Prompt: Give back an exact copy of the lines in the records below, from the line that has "The designed performance" through the line that has "Geniet dagelijks van", and nothing besides.

Source data:
_ _ _
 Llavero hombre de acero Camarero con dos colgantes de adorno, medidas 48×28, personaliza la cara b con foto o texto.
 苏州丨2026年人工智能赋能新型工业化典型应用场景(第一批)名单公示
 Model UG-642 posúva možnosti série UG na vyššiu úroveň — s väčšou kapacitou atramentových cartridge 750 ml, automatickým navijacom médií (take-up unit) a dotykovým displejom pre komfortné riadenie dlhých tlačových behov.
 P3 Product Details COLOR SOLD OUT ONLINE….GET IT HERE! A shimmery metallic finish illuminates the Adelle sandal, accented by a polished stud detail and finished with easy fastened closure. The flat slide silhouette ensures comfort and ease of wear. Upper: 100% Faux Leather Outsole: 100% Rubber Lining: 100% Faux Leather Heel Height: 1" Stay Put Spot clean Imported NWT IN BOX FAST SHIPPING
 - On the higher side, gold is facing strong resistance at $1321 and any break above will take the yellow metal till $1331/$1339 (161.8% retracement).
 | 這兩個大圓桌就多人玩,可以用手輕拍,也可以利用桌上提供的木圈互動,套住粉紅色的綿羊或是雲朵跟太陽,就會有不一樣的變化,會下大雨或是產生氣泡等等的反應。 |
_ _ _
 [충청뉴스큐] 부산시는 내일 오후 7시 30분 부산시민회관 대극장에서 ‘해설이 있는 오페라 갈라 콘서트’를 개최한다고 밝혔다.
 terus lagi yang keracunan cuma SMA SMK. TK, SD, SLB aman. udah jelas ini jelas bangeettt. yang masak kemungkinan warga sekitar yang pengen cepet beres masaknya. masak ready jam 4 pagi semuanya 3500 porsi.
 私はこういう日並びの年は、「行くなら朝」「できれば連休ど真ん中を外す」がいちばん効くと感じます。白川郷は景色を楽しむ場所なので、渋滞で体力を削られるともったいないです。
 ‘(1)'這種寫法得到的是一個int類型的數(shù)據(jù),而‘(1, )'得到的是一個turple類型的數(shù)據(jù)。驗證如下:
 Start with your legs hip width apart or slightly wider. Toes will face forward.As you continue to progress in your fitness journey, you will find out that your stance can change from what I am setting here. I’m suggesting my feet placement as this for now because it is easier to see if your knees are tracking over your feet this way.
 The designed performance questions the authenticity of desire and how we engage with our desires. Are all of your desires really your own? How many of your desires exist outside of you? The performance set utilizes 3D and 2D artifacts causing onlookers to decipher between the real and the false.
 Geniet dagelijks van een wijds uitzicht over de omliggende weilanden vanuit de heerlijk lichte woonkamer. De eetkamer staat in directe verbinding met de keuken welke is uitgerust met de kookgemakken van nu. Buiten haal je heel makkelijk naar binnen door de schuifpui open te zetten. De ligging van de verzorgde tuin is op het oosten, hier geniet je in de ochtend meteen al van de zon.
_ _ _
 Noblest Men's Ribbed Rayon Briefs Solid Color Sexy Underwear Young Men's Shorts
_ _ _
Response for this exercise:
 The designed performance questions the authenticity of desire and how we engage with our desires. Are all of your desires really your own? How many of your desires exist outside of you? The performance set utilizes 3D and 2D artifacts causing onlookers to decipher between the real and the false.
 Geniet dagelijks van een wijds uitzicht over de omliggende weilanden vanuit de heerlijk lichte woonkamer. De eetkamer staat in directe verbinding met de keuken welke is uitgerust met de kookgemakken van nu. Buiten haal je heel makkelijk naar binnen door de schuifpui open te zetten. De ligging van de verzorgde tuin is op het oosten, hier geniet je in de ochtend meteen al van de zon.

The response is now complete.